■ **ASSIGNMENT**:
Transcribe exactly the lines below that begin at the line with "NETHOUSE Hippy Queens" and stop after the line with "Misty autumn morning", leaving out every picture.
GIVEN RECORDS START
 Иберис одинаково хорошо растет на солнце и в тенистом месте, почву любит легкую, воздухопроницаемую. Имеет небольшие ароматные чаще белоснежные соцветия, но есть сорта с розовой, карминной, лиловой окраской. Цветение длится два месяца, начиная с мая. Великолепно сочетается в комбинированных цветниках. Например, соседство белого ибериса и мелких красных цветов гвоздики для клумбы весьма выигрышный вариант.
GIVEN RECORDS END
GIVEN RECORDS START
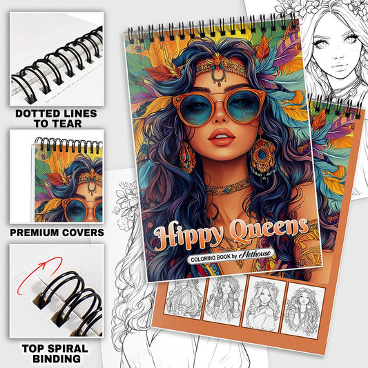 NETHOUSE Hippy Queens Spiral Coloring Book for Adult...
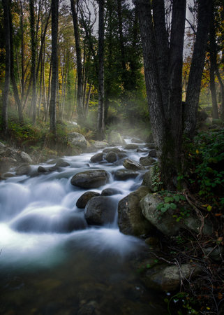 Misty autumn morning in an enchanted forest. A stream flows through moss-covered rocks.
GIVEN RECORDS END
GIVEN RECORDS START
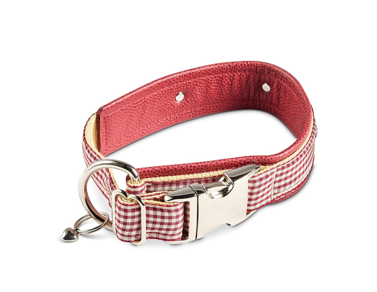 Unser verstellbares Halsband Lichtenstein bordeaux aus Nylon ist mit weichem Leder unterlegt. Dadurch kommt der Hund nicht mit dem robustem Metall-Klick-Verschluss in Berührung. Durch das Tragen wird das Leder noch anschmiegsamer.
GIVEN RECORDS END
■ **ANSWER AREA**:
 NETHOUSE Hippy Queens Spiral Coloring Book for Adult...
 Misty autumn morning in an enchanted forest. A stream flows through moss-covered rocks.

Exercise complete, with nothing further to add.